Despite the title and subject matter, Finkemeyer says she did not set out to write a sad girl book. But after years of reading sad girl literature, she found herself wanting to “speak back” to the trend. “I think the protagonists of this genre represent a smorgasbord of unlikability that’s really interesting,” she tells me. “Usually they’re quite privileged millennial women who don’t have a lot to lose. It’s quite relatable to see them come undone over relatively low-stakes things. I wanted to engage with the tropes of the genre. Some tropes are tropes because they’re hugely effective.”

Finkemeyer says that it’s wrong to suggest this trend is new, and cites Anna Karenina and Sylvia Plath’s The Bell Jar as early examples, both of which see “sad, mad” women “become unhinged and fall from grace”. But she also believes the present popularity of sad girl books is rooted in the desire to see women experience emotions which are “excommunicated” from daily life. “We’re not allowed to, or never supposed to, wallow in our sadness. But we do need to release those feelings,” she says.

But doesn’t the ubiquity of sad girl literature mean that’s no longer the case? “I think it’s still not completely mainstream to talk about sadness and things like it, especially in public,” Finkemeyer argues. That seems incongruous with a culture – not just in books but in TV, music and film – where the performance of sadness has reached the point of total normality. Even in Sad Girl Novel, Kim’s sadness reads as melodramatic and cliched. But, “these books are like a protest,” says Finkemeyer. “People are starting to see through late-stage capitalism, starting to see that they don’t want to work for ever and be a slave. The obstacle in these novels is the state of the world and how the characters feel about it.”

Despite reaching what feels like a saturation point, the sad girl genre shows few signs of waning. Yet in the last year, a slew of books have been published by young women about young women that show an appetite for something different. These novels take the themes of vulnerability and trauma and explore them through complicated, hyperrealistic characters who are self-possessed and far from the trope of female abjection. They include Nicole Flattery’s Nothing Special, about a teenage girl becoming a typist for Andy Warhol; Sheena Patel’s I’m a Fan, in which a woman examines her own faults in an unhealthy relationship; Rachel Connolly’s Lazy City, in which a young woman returns home after the shock death of her best friend; and Eliza Clark’s Penance, which revolves around the murder of a schoolgirl by her classmates.

“I feel like there’s a demographic who might pick up something that’s a little bit edgy but not too edgy … something kind of dark,” Clark tells me.

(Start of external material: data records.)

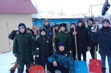 В рамках патриотического направления «Волонтёры победы» 7 марта кадеты 6а класса вместе с воспитателем Гареевым З.Р. побывали в гостях у мамы мобилизованного Гикрамина Айдара Халисэ апа. Кадеты расчистили участок дома от снега, паласы вытрясли.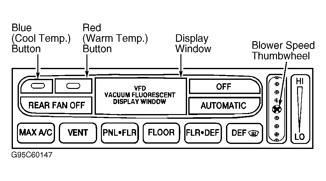 EATC system can be operated in full automatic mode by pressing AUTOMATIC button, or system can be manually operated by selecting one of following mode control (manual override) buttons: MAX A/C, VENT, PNL-FLR, FLOOR, FLR-DEF and DEF. See Figure.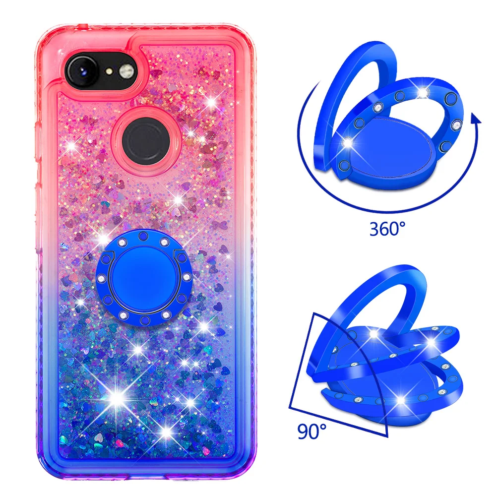 Чехол с блестками для девочек, градиентный зыбучий песок, для Google Pixel 3 3a XL, чехол с кольцом-держателем, ТПУ, бампер, защитный чехол, сумка

As well as Penance, she is the author of Boy Parts, a 2020 novel about a female photographer who takes explicit pictures of young men. That book was uniquely transgressive in today’s market – even if “transgressive” is a term you’re likely to hear applied to sad girl books no matter how tame the content.

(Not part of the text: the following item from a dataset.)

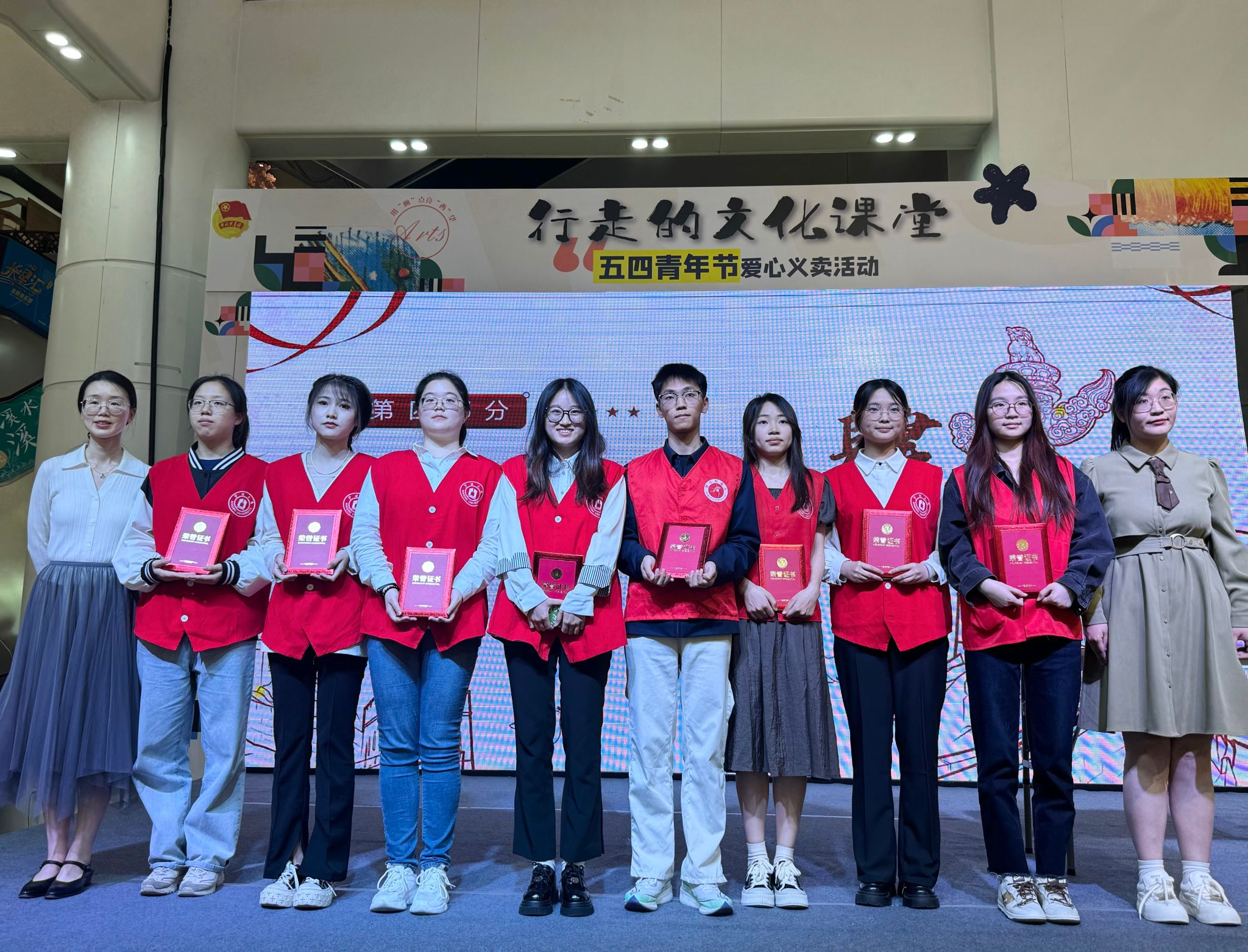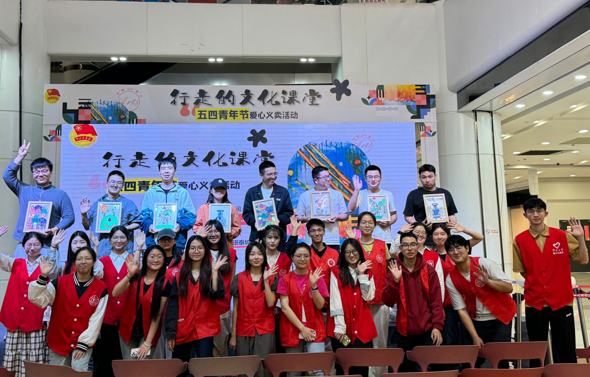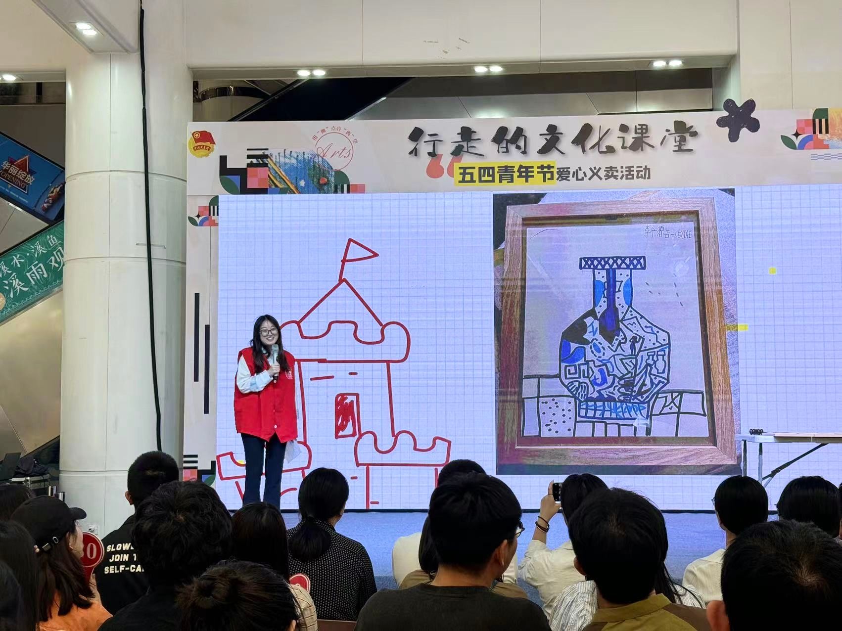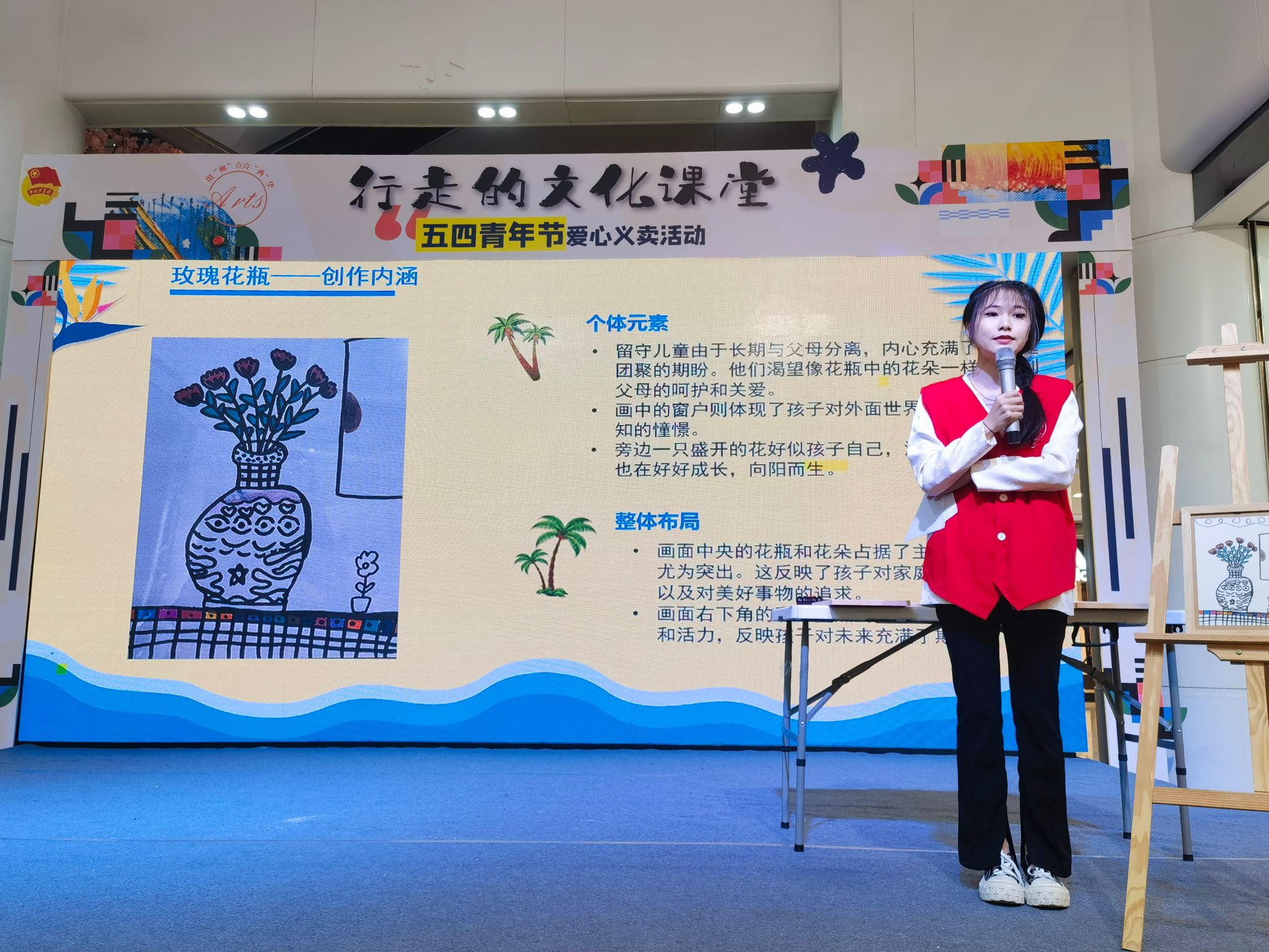 《行走的文化课堂》五四爱心绘画作品义卖活动在宁波市奉化区银泰城火热举行,青年志愿者们穿上特色红马甲热情推销,有的激情演说招揽顾客,吸引众多家长和市民驻足购买。

“I don’t know if there’s a little bit of coddling of people who might overreact to even slightly dark or transgressive content,” Clark says. She mentions Girl Crush by the influencer Florence Given, a Sunday Times bestseller last year that was marketed in this way, despite being fairly vanilla. “You look at the Goodreads reviews and the response will be like, ‘I’m literally screaming and crying and throwing up about this.’”

the original genius of ‘sad girl lit’, Sylvia Plath.
The original genius of ‘sad girl lit’, Sylvia Plath. Photograph: Granger/REX/Shutterstock

Clark suggests that the people who tend to read this supposedly dark fiction wouldn’t be comfortable with something truly sinister. She also believes the marketing reflects the fact that commissioning editors are, in her experience, mostly privately educated and wealthy.

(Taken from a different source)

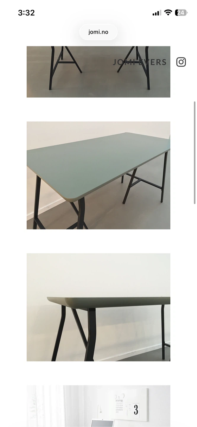 This is an IKEA AMLIDEN table top in a grey-green colour, measuring 120cm long by 60cm wide. It comes with four adjustable OLOV legs in grey. These legs are useful for creating a custom-height desk or table.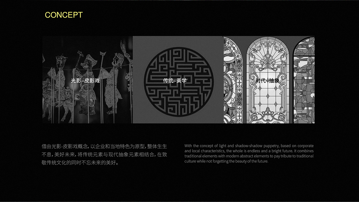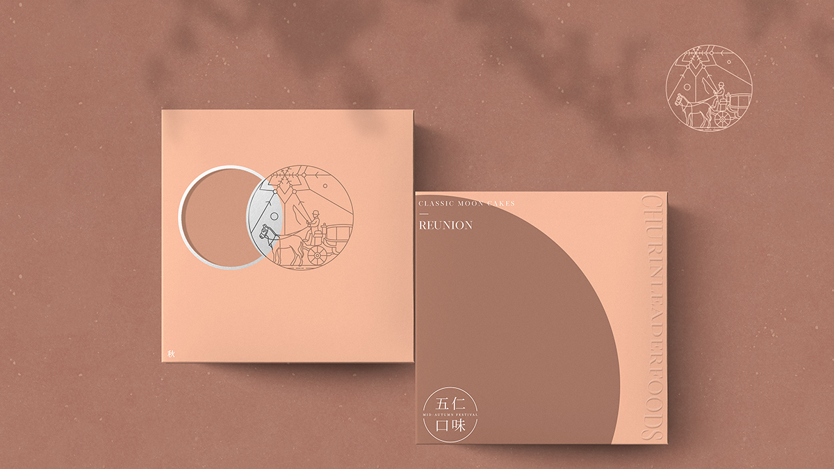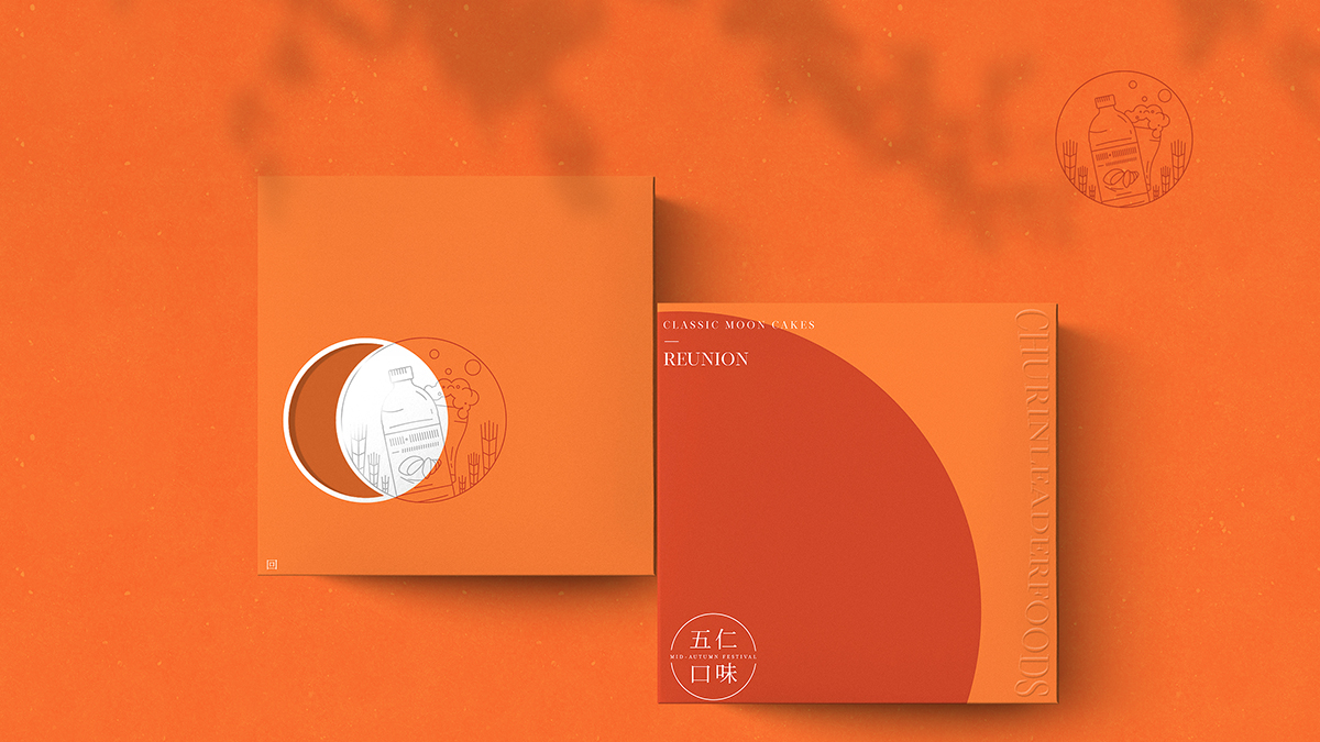 整體設(shè)計借由皮影戲的光影概念,將巴洛克風(fēng)格與傳統(tǒng)美學(xué)做結(jié)合,提取哈爾濱地域文化特色和秋林里道斯的代表元素,雕刻出一幅精美的畫面。將禮盒的八枚月餅取出,可拼成一幅表現(xiàn)中秋月亮盈虧的畫面,增強了禮盒的互動性。

“It’s like a well-behaved high achiever’s view of what messiness is,” she says. “The things that are zoomed in on as ‘bad behaviour’ are just like, drinking and maybe doing a drug one time.” She laughs: “It’s treated as this huge, ‘Oh my God, her life is falling to bits’ moment, and like, is it?”

Rachel Connolly believes publishers look for books that are flattering to the reader. “The idea that the character is more dysfunctional than the reader can seem appealing,” she says. Her novel feels ripe for miscategorisation as sad girl lit. Her protagonist Erin is a master’s student back at her home in Belfast; her life has stalled and she is dealing with fresh grief while working small jobs and getting drunk. Yet Erin is headstrong and confident; her first-person voice is unquestioningly clear.

Though Connolly didn’t intentionally set Erin apart from the usual vulnerable-woman trope, it occurred to her afterwards that Erin doesn’t adhere to the trauma response we typically see in novels today. “Because of the way her life is, she isn’t really in a position to wallow in bed all day and totally blow her life up,” Connolly explains. “She can’t have a big crazy moment in front of her boss, the woman she works as an au pair for, because she needs the work and she needs a place to stay. She’s more concerned with keeping a sense of normality and trying to get some sense of agency back.”

Connolly has has concerns about the ways books in the sad girl genre portray women. “I’m wary of defining the experience of being a woman through some idea of a shared sense of vulnerability,” she says. “Any trend which renders us as inherently passive is going to be very dubious to me.”

“There’s this interesting thing that pops up in stuff like Fleabag or Promising Young Woman: the protagonist being adjacent to trauma,” says Clark. “[These works] don’t really want to explore and unpack something, but then instead they almost claim a general female trauma, which I think is a bit limp. It’s this feeling of, ‘Oh it happened to my friend, so in a way it happened to me.’ But it’s like, ‘Well it didn’t though, did it?’ A lot of works are threatening to go to a place they never actually go. And I would imagine that could be frustrating for readers.”

Finkemeyer also admits that this genre she loves has some faults. “It’s maybe less than ideal that we’re reading characters that are carbon copies of each other,” she says. “There is something problematic about millennial privileged women reading about millennial privileged women who are writing books about millennial privileged women. It becomes a snake eating its tail.”

“But there is a universality to these characters’ experience,” she says. “They will continue on.”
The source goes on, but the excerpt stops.